I was using a 60 watt/130 volt household bulb. That shouldn't have cause a problem...should it? I've seen 100 watt bulbs in the strings used in construction sites. If I remember correctly, the lampholder was rated for 600 volts/660 watts (anyone ever seen a 660 watt bulb?)

The pigtail wasn't supposed to stay up this long -- it was originally connected when the defective fixture was removed and prior to painting the place. That's when I discovered the brittle wires (insulation was intact but brittle and hard).

I decided to leave that thing in place instead of disturbing the wires any more until I replaced EVERYTHING (there goes the nice paintjob).

But you know how it is with temporary things.... [Linked Image] -- wish I wasn't short of money right now.... [Linked Image]

[This message has been edited by SvenNYC (edited 08-26-2003).]

#28627 - 08/26/03 07:45 PM Re: Life expectancy of a rubber pigtail lampholder  
CanadianSparky  Offline
Joined: Mar 2001
Posts: 85
Alberta Canada
Quick question, whats everyone paying for these right now? I'm in the same boat as pinemarten, exact same use.

#28628 - 08/26/03 10:07 PM Re: Life expectancy of a rubber pigtail lampholder  
SvenNYC  Offline
Joined: Aug 2002
Posts: 1,691
New York City
Yesterday I called up my kid brother from work and asked him to go to a real electrical supply house near his neighborhood to pick up two new ones (UL listed and mfg by West Port Mfg. in USA).

He paid US$1.25 for each and they appear to be made out of vinyl instead of vulcanized rubber. Construction seems decent...except they use 16AWG TFF stranded instead of the usual 14AWG stranded for the pigtails.

The cheap-cheezey (non-UL) listed black rubber sockets from China that I see in hardware stores across town are $2 and change. I think I saw one place selling them for $2.79 ( [Linked Image] )

There's one company (Cooper, I believe) that makes them out of BAKELITE! I've been trying to score one...but no luck, so far -- two of the supply houses I called don't carry those -- one doesn't even carry any type of lampholder.

These bakelite ones are the ones used normally in making those lighting strings I mentioned for use in the subway during construction.

Today I was in a job-lot surplus store that was selling Mexican Leviton rubber sockets for like US$2.50 or so.

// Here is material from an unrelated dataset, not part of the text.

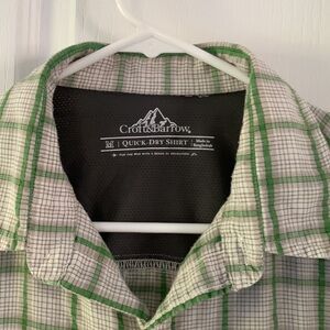 Croft & barrow mens quick dry button up shirt size M cream green plaid pockets
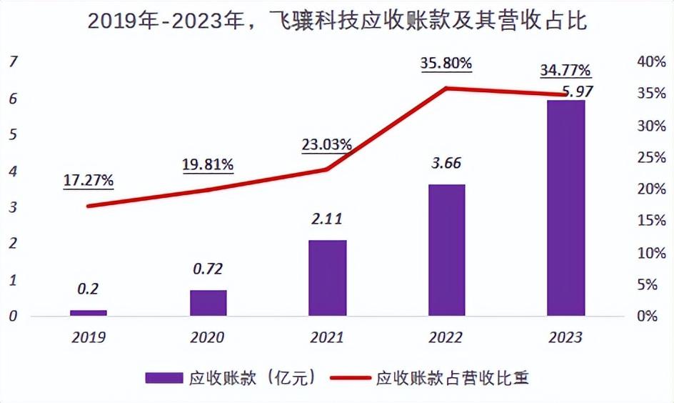 2019年-2023年,飞骧科技应收账款为2002.4万元、7225.02万元、2.11亿元、3.66亿元和5.97亿元,相应占营收比重为17.27%、19.81%、23.03%、35.8%和34.77%。

#28629 - 08/27/03 11:48 AM Re: Life expectancy of a rubber pigtail lampholder  
mamills  Offline
Joined: Nov 2001
Posts: 745
Wharton, Texas, USA
Sven: In an old house where I used to live many years ago, the entire service entrance consisted of a 60a. 240 volt safety switch (with a-base meter above, of course) and two of those bakelite sockets connected to the load lugs at the bottom of the switch, along with conductors to feed an electric range. The sockets simply laid inside on the bottom of the switch box, and each one contained a 30a. fuse for the two 120v. lighting circuits(neat, huh... [Linked Image] ). I changed the fuses to 15 amp., then had the entire house rewired shortly thereafter. I'm guessing that those bakelite sockets had been there since about 1940 or so. They seemed to be in reasonably good condition, save the brittle rubber-covered conductors from the excessive heating.

Mike (mamills)

[This message has been edited by mamills (edited 08-27-2003).]

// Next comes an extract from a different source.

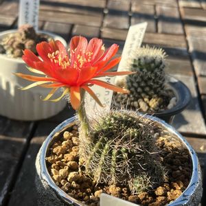 オレンジ花が咲きました(写真1) 札なしのサボテンです SNSにおける花や本体の類似性から花房丸としているサボテンです 雌しべの先端は5つに分岐しております(写真1) 群生して、円柱状に生育し、先端はやや尖っております(写真2) 花梗の基部に綿毛はないようで(写真3、4)、刺座の上方に生じる小粒子が大きくなって蕾になるようです(写真5) このようにこのサボテンは旧レブチア属の特徴を持っているようです 20250719撮影

#28630 - 08/27/03 04:48 PM Re: Life expectancy of a rubber pigtail lampholder  
classicsat  Offline
Joined: Nov 2002
Posts: 456
They are used in barns also, we have a couple of the 1950s ones still in service.

I have also seen them used as fuseholders for pole mounted light fixtures.

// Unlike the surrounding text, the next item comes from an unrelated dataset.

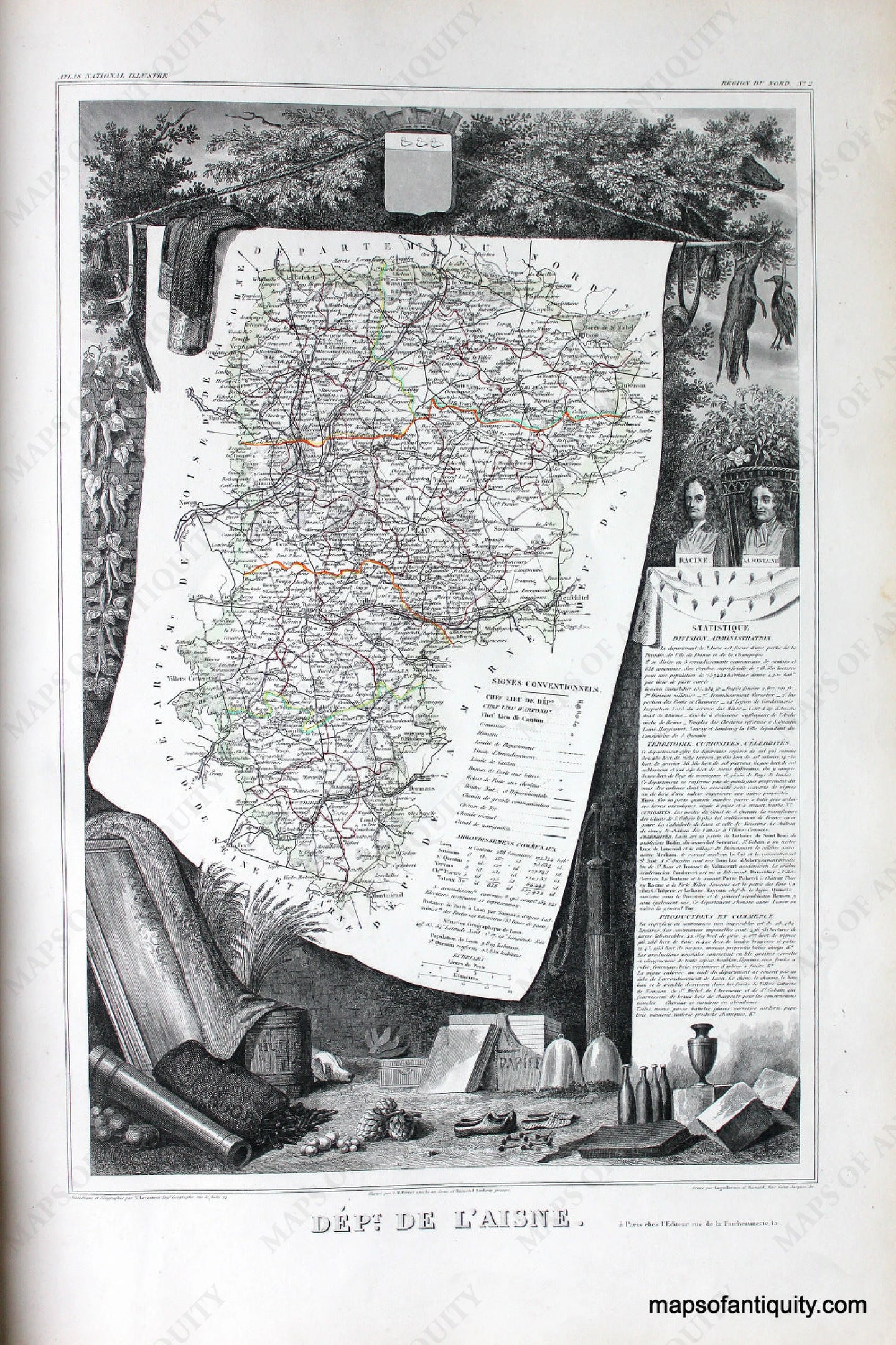 Antique-Hand-Colored-Map-Dept.-de-L'Aisne.-Europe-France-1851-Levasseur-Maps-Of-Antiquity

#28631 - 08/27/03 05:30 PM Re: Life expectancy of a rubber pigtail lampholder  
SvenNYC  Offline
Joined: Aug 2002
Posts: 1,691
New York City
So have I. I don't believe they're listed for use as fuseholders.

Apparently fuseholders must have the amperage rating stamped on them. Lampholders have wattage ratings on them.

Has anyone seen a pigtail with amp ratings on them? I've only seen them labelled 600 or 250 volts/660 watts.